The Federal Court ruled that PepsiCo was liable for royalty withholding tax (at a 5% rate) in relation to portions of payments made under the EBAs which were held to be royalties and, in the alternative, diverted profits tax (DPT) would apply at a rate of 40%, i.e. if the payments were not royalties.

Some notable points from the case include:

  • The EBAs did not expressly provide for the payment of a royalty for the right to use IP. SAPL had no licensing agreement with PepsiCo that required it to pay for PepsiCo’s IP.

  • The court found that portions of the payment to PBS were a royalty – however it is important to note that these payments were for purchases of concentrate (i.e. stock purchases by SAPL) from an Australian company.

  • The PepsiCo case illustrates that while the legal form of an intercompany agreement is important, the ATO (and Federal Court in the case of PepsiCo) will look beyond the terms to the commercial substance of the arrangements in determining whether a royalty exists. 

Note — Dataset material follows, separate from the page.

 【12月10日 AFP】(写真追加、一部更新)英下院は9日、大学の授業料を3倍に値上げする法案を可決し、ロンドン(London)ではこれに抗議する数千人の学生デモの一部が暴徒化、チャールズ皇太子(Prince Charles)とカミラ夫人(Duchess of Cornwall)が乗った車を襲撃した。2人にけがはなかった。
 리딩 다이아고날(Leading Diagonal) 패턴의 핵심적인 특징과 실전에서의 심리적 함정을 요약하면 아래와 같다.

What can multinationals learn from the PepsiCo case?

The ATO’s increasing focus on intangibles, and in particular the concept of “embedded royalties”, has caused concern internationally as the approach adopted in Australia may not align with internationally recognised OECD principles.  Despite these concerns, the PepsiCo decision is a victory for the ATO and will likely spur on its efforts to continue its consideration of cross-border intangible arrangements. The fact that the PepsiCo decision is being appealed is unlikely to stop the current efforts by the ATO on intangible assets.

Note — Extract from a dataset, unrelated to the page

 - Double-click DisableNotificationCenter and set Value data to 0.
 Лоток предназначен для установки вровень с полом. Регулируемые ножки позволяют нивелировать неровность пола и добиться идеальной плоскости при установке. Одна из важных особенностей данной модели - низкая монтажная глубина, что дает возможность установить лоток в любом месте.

The Government is also stepping up its efforts to tackle this “leakage” from Australia. On 14 May 2024 the Treasurer announced in the 2023-24 Federal Budget that it will introduce a new provision from 1 July 2026 that applies a penalty to taxpayers who are part of a group with more than $1 billion in global turnover annually that are found to have mischaracterised or undervalued royalty payments, to which royalty withholding tax would otherwise apply. No further details around this measure were provided, however as the rate of royalty withholding tax on payments to the US is only 5%, it is likely that this measure is directed towards cases of "embedded royalties" and is intended to increase the financial impost of arrangements similar to those considered in PepsiCo where a portion of a payment for goods or services is found to be a royalty.

The message to multinationals operating in Australia is clear – if you have not started already, now is the time to review the use of your intangibles in Australia.